A/P Metrics with IRS Tax Data
Methodology Behind our Free A/P Duplicate Payment Rate Calculator
It is well known in the business world that if you don’t measure it you can’t track it. This means that you can’t determine where you’re at or if you are getting better without measuring. The question is – where do you start if you haven’t done an assessment before? The answer – look to your industry for reference.
The IRS makes plenty of data available and by taking the average of your industries cost of goods sold along with other expenses you can get an idea of the disbursement benchmark for your industry.
Once you have this you can apply a duplicate payment rate to determine what you may be dealing with.
Organizations such as the Ardent Partners, Institute of Finance and Management (IOFM), Institute of Internal Auditors and many others all do research in the A/P realm and provide statistics to help businesses understand where other companies found themselves.
The Need to Convert Average Duplicate Payment Rates to Real Dollars
Because many of the tools we provide enable Controllers and Finance Executives to identify and recover lost profits from duplicate payments, one of our challenges had been articulating the potential ROI of the Acculytic service.
Granted, the real value of Acculytic comes from proving the use and validity of your A/P internal controls processes and systems – even the most elite of accounts payable departments are subject to errors and overpayments. “Cutbacks and computerization have slashed accounts-payable payrolls but also have cost companies billions of dollars in overpayments,” writes Lee Berton (of CFO.com, Bloomberg, Wall Street Journal).
Large organizations, often employing contingency recovery audit firms, have been well aware of the high costs of duplicate payments; but those with revenues below about $2B that are usually overlooked by contingency audit companies seem to underreport or be oblivious to their duplicate payment rates.
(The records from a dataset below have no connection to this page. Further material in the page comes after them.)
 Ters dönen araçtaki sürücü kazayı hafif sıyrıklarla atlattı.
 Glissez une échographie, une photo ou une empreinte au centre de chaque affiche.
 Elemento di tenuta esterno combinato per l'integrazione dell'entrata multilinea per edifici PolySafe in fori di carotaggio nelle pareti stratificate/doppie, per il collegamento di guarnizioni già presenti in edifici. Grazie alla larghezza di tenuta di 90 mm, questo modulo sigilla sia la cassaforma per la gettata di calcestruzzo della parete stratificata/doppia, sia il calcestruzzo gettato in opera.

Perhaps the widely accepted average duplicate payment rates of 0.5-3% don’t seem like enough to prompt action. Our objective, then, is to show what that means in real dollars.
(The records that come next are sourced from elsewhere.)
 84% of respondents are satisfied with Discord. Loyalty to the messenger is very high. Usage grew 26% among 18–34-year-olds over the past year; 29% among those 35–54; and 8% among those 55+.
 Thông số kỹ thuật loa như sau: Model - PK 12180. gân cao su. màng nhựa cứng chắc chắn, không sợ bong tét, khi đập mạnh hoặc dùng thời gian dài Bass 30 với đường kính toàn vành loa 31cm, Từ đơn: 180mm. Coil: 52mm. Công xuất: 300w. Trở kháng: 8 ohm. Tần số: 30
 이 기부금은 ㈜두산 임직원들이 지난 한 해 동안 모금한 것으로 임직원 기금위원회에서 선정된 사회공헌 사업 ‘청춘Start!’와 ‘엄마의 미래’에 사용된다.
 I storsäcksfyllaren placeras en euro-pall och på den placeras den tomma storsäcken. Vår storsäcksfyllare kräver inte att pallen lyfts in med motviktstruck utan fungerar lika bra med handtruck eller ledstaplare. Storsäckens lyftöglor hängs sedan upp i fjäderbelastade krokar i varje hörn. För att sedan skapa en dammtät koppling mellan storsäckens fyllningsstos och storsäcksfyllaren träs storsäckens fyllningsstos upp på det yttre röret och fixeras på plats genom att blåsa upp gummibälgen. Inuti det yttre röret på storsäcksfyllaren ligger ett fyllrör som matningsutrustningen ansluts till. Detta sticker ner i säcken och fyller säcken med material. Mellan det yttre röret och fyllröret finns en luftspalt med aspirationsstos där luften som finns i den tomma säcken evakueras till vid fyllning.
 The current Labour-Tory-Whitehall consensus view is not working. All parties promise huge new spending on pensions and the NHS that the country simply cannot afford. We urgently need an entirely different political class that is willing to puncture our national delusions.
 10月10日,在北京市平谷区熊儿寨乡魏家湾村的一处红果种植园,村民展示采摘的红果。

At First, this Seemed Pretty Simple
After comparing a number of research reports, we decided to go with the Ardent Partners’ metric of 1.07% rate of duplicates/overpayments for “Best-in-Class” accounts payable teams for a few reasons:
- Freshness of data (2013)
- Rate was in line with most other ranges reported
- Solid research methodology and sample group
- Publicly available info (AP’s New Dawn), so you can easily check our source
- Gives us the ability to benchmark prospects against organizations with the most advanced accounts payable technologies (as opposed to companies not using things like eInvoicing, P2P, data capture, etc., for which Ardent attributes a 3.12% duplicate payment rate)
To get an idea of your annual duplicate payments, just take your A/P spend and multiply by the standard duplicate payment rate, right?
Nope.
Payment Volume vs. Invoice Volume
Why not?
- Some of the business leaders we speak with don’t have an accurate amount for payables off-hand.
- Even if you did, that amount would include things like utilities and rent which really aren’t subject to overpayments. However, some reoccurring payments might still be duplicated.
- Then, there is the fact that the 1.07 - 3.12% duplicate payment rate is a percentage of invoices, not $.
This is going to be harder than I thought.
Four Smashed Calculators Later…
Success!
We created a way to calculate a dollar figure for potential recoverable cash from duplicate payments by industry and company size, and dubbed it the Typical Payment Slipups Report (TPS Report). The TPS Report is designed to be an easy-to-use Excel to quickly compute any organization’s likely duplicate payment amount.
First we had to get a great source of data from which to get an estimate of payables subject to duplication based on a metric that our business leaders would know. Because one of the pillars of our company is security (handling business’ financials in The Cloud requires an extreme commitment to privacy and security), we are restricted from using client and user data. Also, we really wanted a larger sample size by sector to provide a more relevant estimate.
Source Data
Our friends at the IRS were able to provide detailed consolidated income statements by industry. With a sample size of over 5.8M tax returns for the most recent year, we are confident in our ability to get a national average by industry. These tables from Returns of Active Corporations provided totals from income statements. Additionally, they gave us a detailed breakdown of their costs of goods sold, so we could extract only the disbursements subject to duplicate payment.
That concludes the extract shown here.